Recently, as I started to put together my thoughts for this year’s meeting, I was reminded of what a tremendous victory we had achieved with the Court of Claims decision regarding the condemnation of the Flowerfield property. I recalled commenting at various times leading up to our trial date that I was extremely confident we had assembled an excellent team of lawyers and expert witnesses. As I look back…that was truly an understatement!

As you all know, the Court’s decision held in our favor in the amount of $125 million, which was the full amount of our appraisal, plus interest at the rate of 9% per year… as well as awarding us the recovery of related trial expenses.

As we have already reported, the Court’s decision will be reduced by the $26.3 million we accepted as an Advance Payment back in 2006. So, the judgment filed by the Court in our favor represents a net balance of $98,685,000 plus the 9% interest from the November 2005 date of condemnation through whenever payment is received. That amounts to $8.9 million a year in interest or $24,300 a day! Through Nov. 2010, the total amount exceeded $143 million.
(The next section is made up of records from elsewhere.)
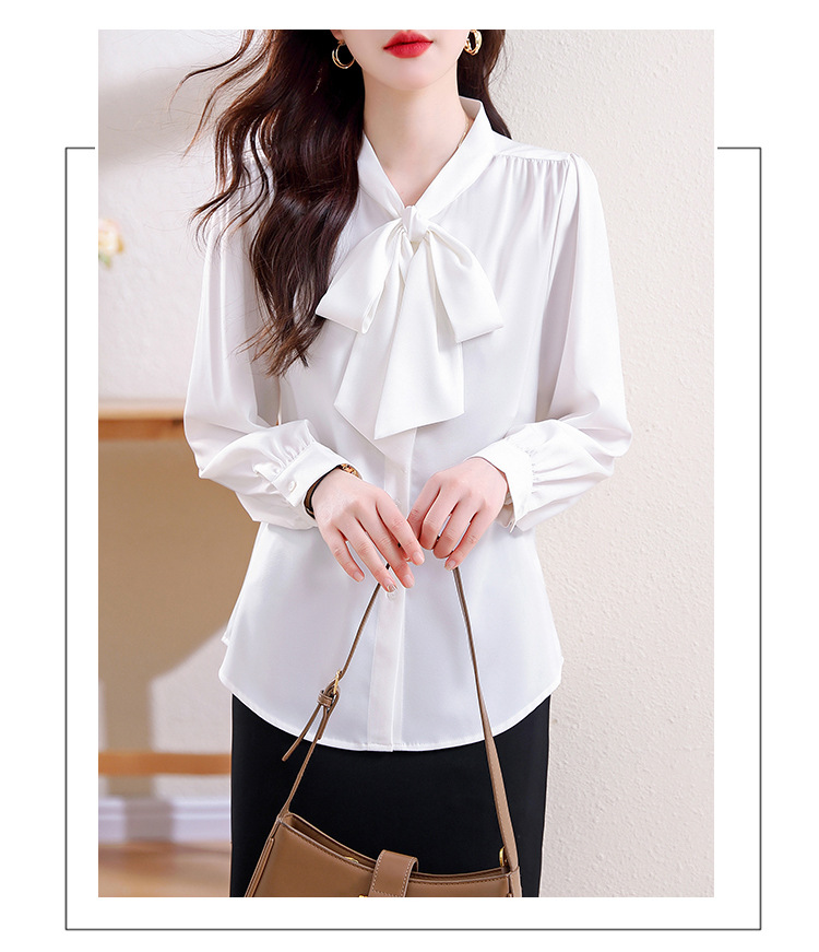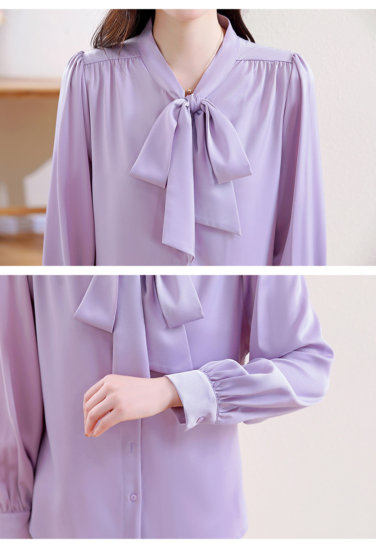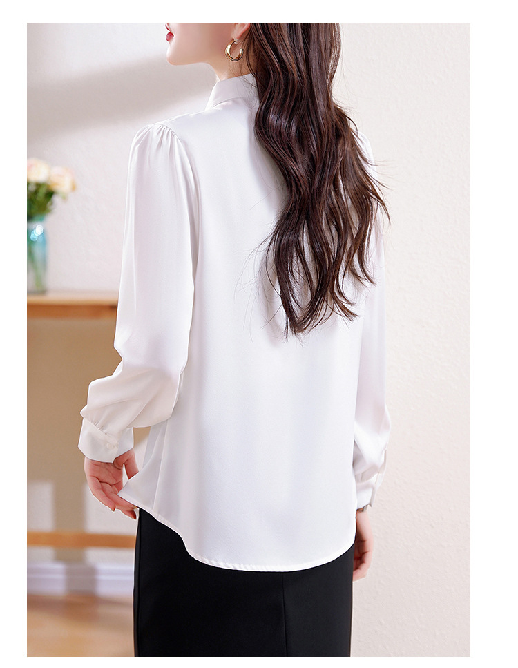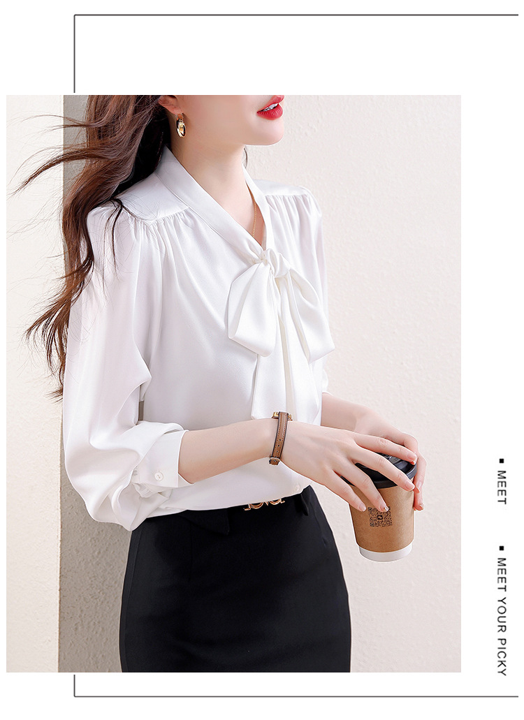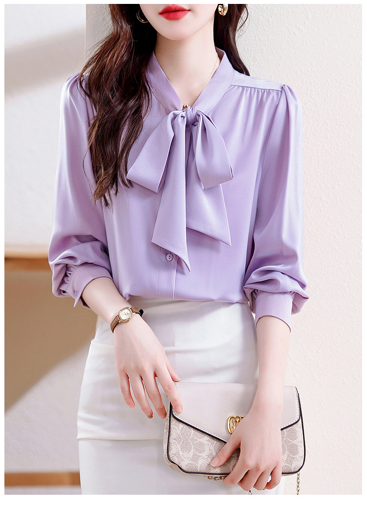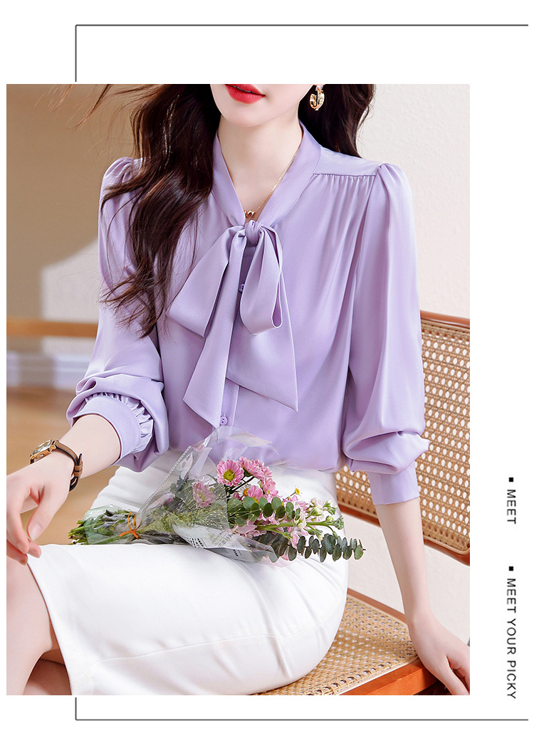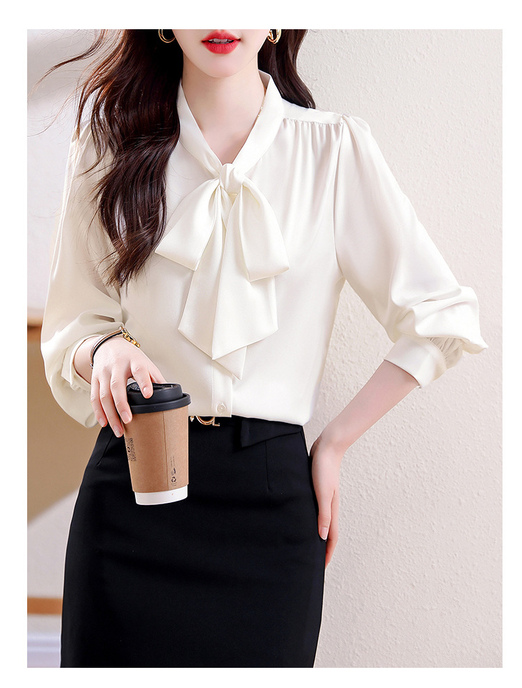 KQL现货时尚韩版系带衬衣2025春季新款休闲缎面OL通勤单排扣职业衬衫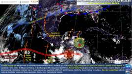 Para hoy, la onda tropical No. 44 se desplazará sobre los estados del sur y occidente del país, una zona de baja presión con pr...
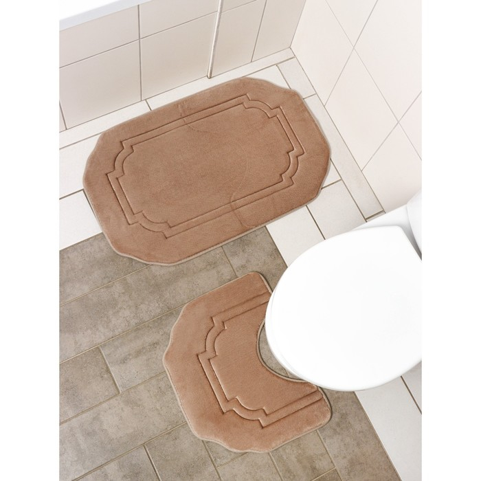 Коврики для ванной и туалета Доляна «Гранж», 2 шт: 40×50 см, 50×80 см, цвет бежевый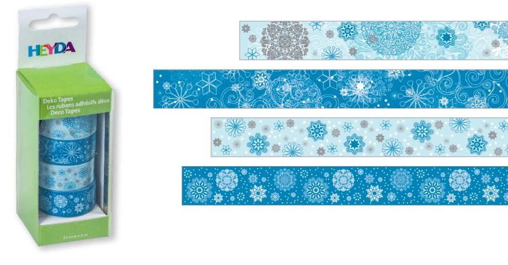 Páska lepicí papírová 4ks - vločky: 1,5cm x 5m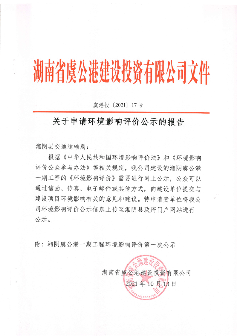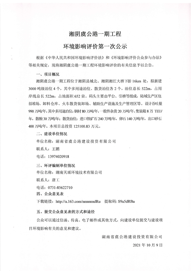湘阴虞公港一期工程环境影响评价第一次公示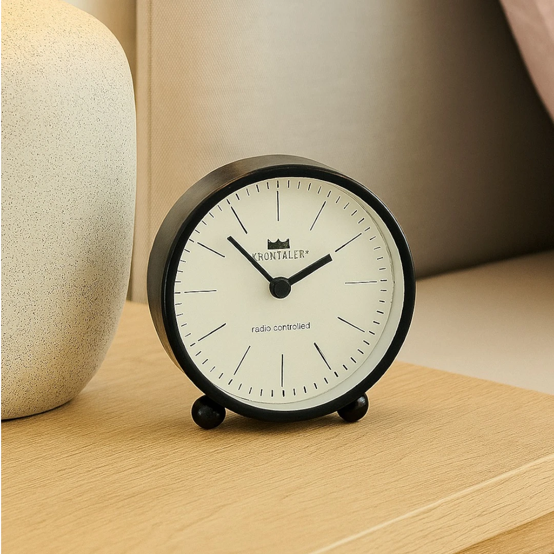 The KRONTALER radio-controlled table clock combines modern minimalism with precision timekeeping. Featuring a clean white face, bold black hands, and a sleek black frame with round feet, it offers a timeless look for desks, nightstands, or shelves. Automatically synchronized via radio signal, it ensures accurate time without manual adjustments. A quiet, non-ticking mechanism makes it ideal for bedrooms or workspaces.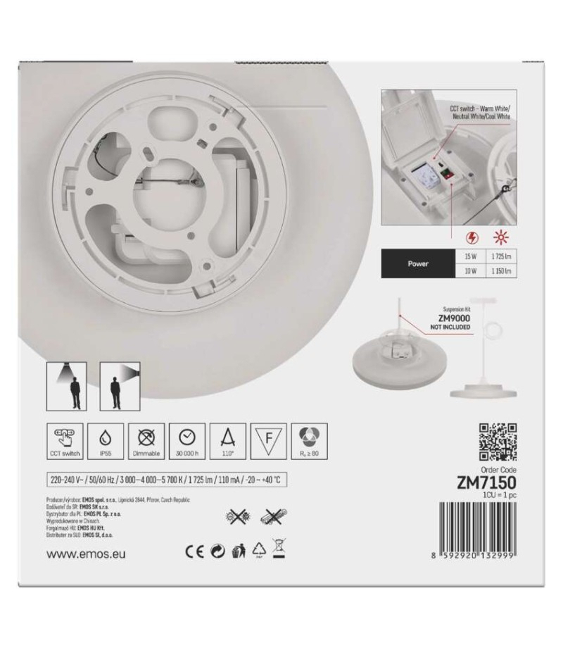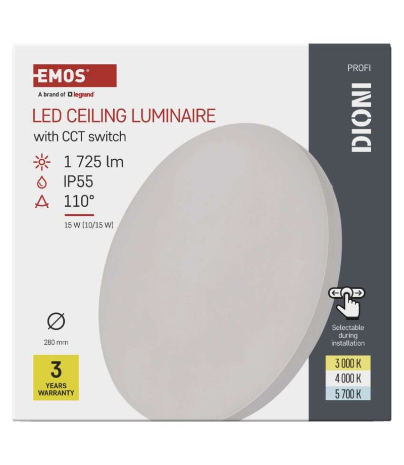 Oprawa LED natynkowa DIONI okrągła, biała, 15W, CCT EMOS ZM7150 Barwa światła: ciepła/neutralna/zimna biel Częstotliwość: 50/60 Hz Czujnik ruchu: nie Do biura: tak Do kuchni: tak Do łazienki: tak Do ogrodu i na balkon: tak Do salonu, sypialni i pokoju dziecięcego:...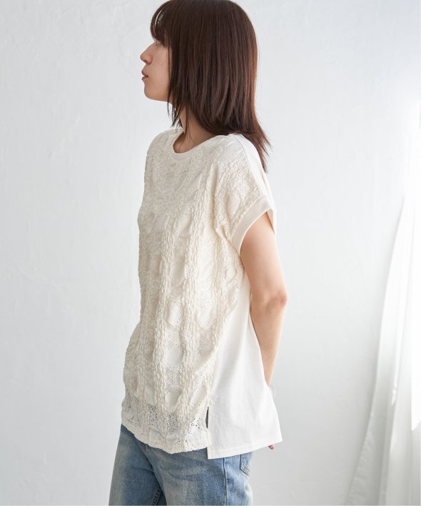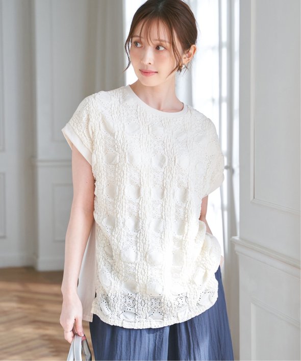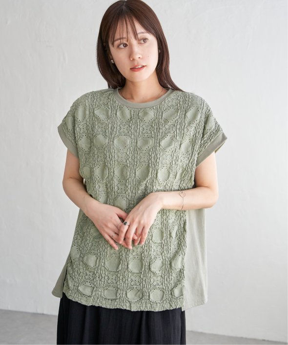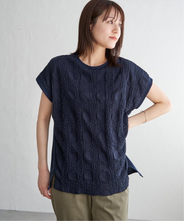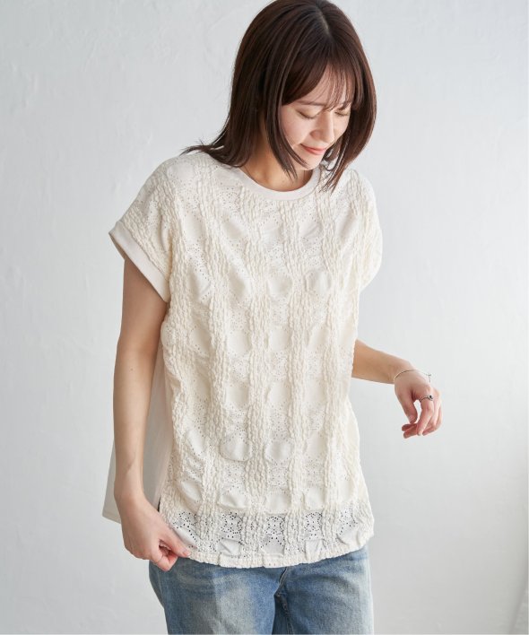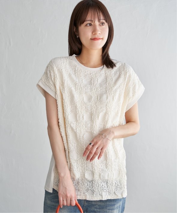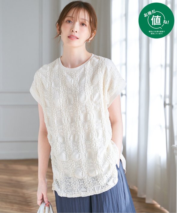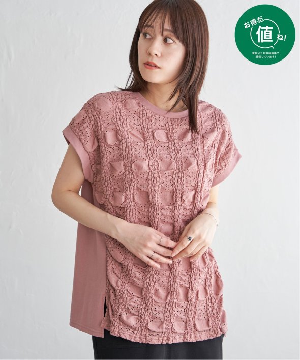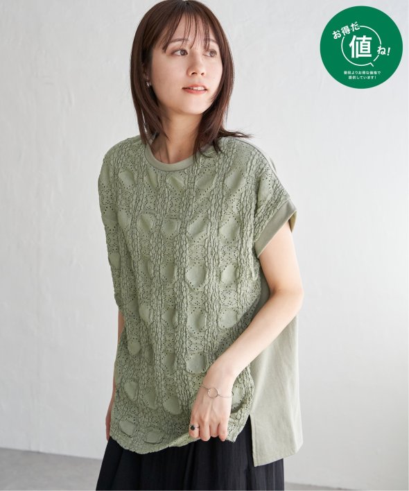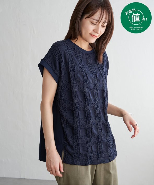 【お得だ値!対象】定価でもお求めやすくご用意しております。前後で表情を変える、異素材コンビが魅力のプルオーバーです。フロントには凹凸のあるレースジャガードを使用し、視覚にも立体感を。バックにはやわらかく肌あたりの良い天竺素材を採用し、着心地と動きやすさにも配慮しました。【素材】フロントはポコポコした凹凸感のあるレースジャカード。高級感のあるデザイン的な見え感が魅力的です。裏地がついているので白トップスでも透けがきになりません。更に後ろ身頃は無地になっており、切り替えデザインもお楽しみいただけます。【デザイン】夏らしく女性らしさを感じるフレンチスリーブは、二の腕カバーができる袖丈にしました。首元はクルーネックで、カジュアルなTシャツデザインに敢えてすることで素材感を生かしました。サイドにはスリットを施し、前後差をつけることでこなれ感も感じられます。【ikkaポイント】涼し気なレース素材で、シンプルになりがちなTシャツを奥行感のある高見えTシャツに進化。夏らしい白に加えて、柄がはっきりとわかりやすいカーキやピンク、お出かけにも最適なネイビーを採用しました。■スタッフ着用コメント160cm/オフホワイト/Mサイズどうしても夏のTシャツはシンプルでカジュアルなものが多い中、フェミニンで華やかなTシャツが出て嬉しいです♪夏らしいオフホワイトは、ジャガードレースがおしゃれでスカートにも合います。1,990円って安すぎたので、洗い替えで2枚ゲットしました!裏地がついているので、安心して着られます。■ お得だ値 (ね)!とは?普段より「お得な価格」で提供している商品です。- コストダウンの取り組み -・生産地を見直し、製造コストをダウン・工場の閑散期に生産することで、製造コストをダウン・オリジナル素材を開発し、素材コストをダウン今シーズンは「値下げ」をしない安心価格です! [洗濯方法]洗濯の際はネットを使用してください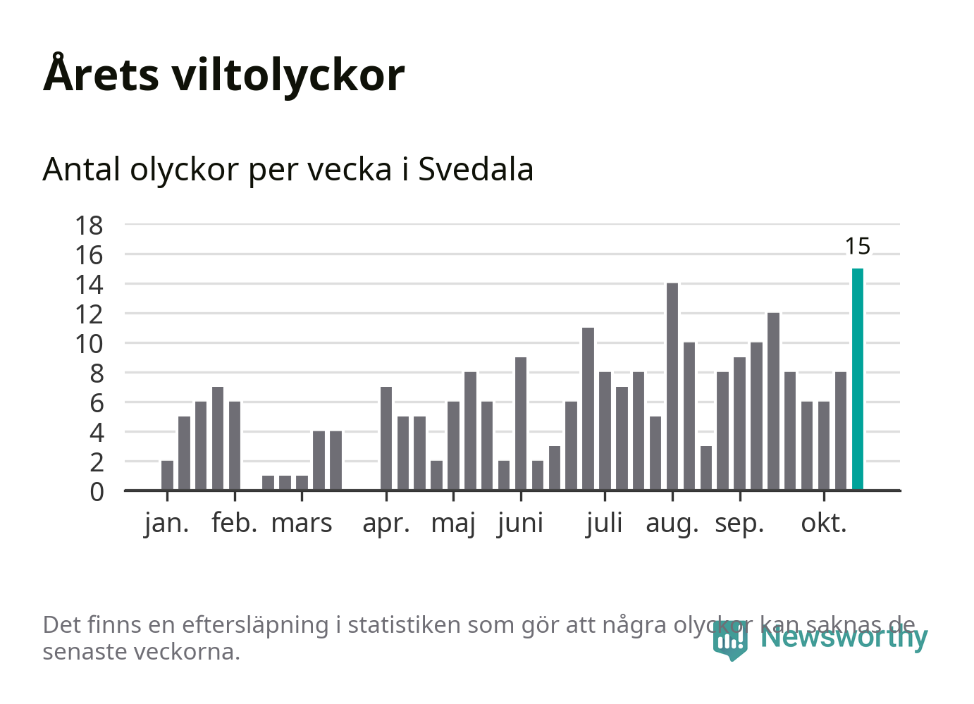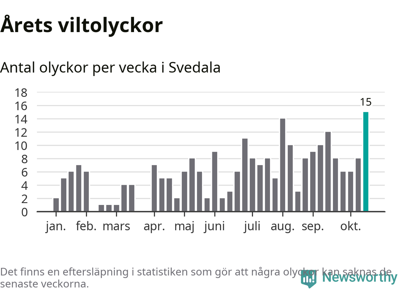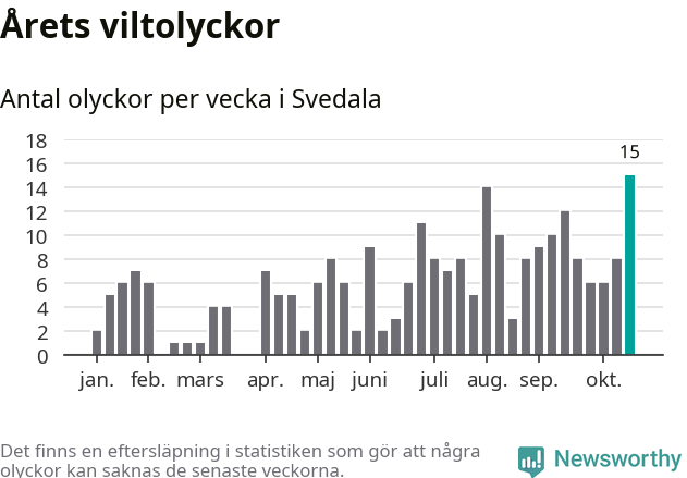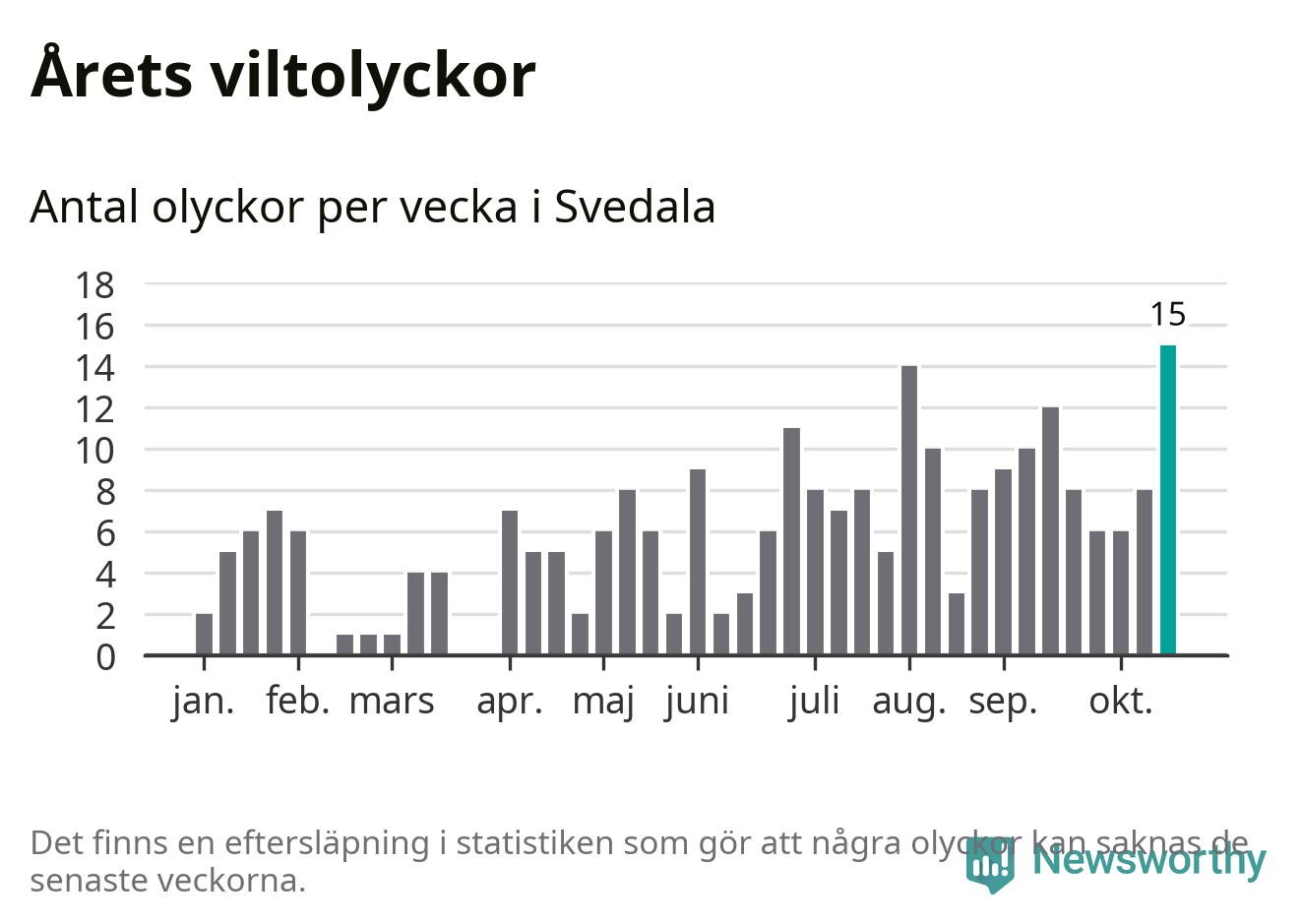 Under vecka 43 rapporterades 15 viltolyckor in i Svedala kommun. Det är det största antalet på en enskild vecka hittills i år.

There have been a few questions raised as to whether the statutory rate of 9% interest rate is applicable in our case … some of that confusion may have been caused by the wording of the EDPL statute itself. In citing the appropriate section of the law, and quoting from the actual Court of Claims decision, we stated in our filings that interest would be payable at the statutory rate not to exceed 9%; this apparently caused some to interpret that a lesser amount of interest might be chosen.

The simple fact is …the statutory rate established in the State of New York for these matters, going as far back as the early 1980’s, is 9%. The language used in the EDPL statute and the decision itself simply states that the rate of interest will not exceed the established rate.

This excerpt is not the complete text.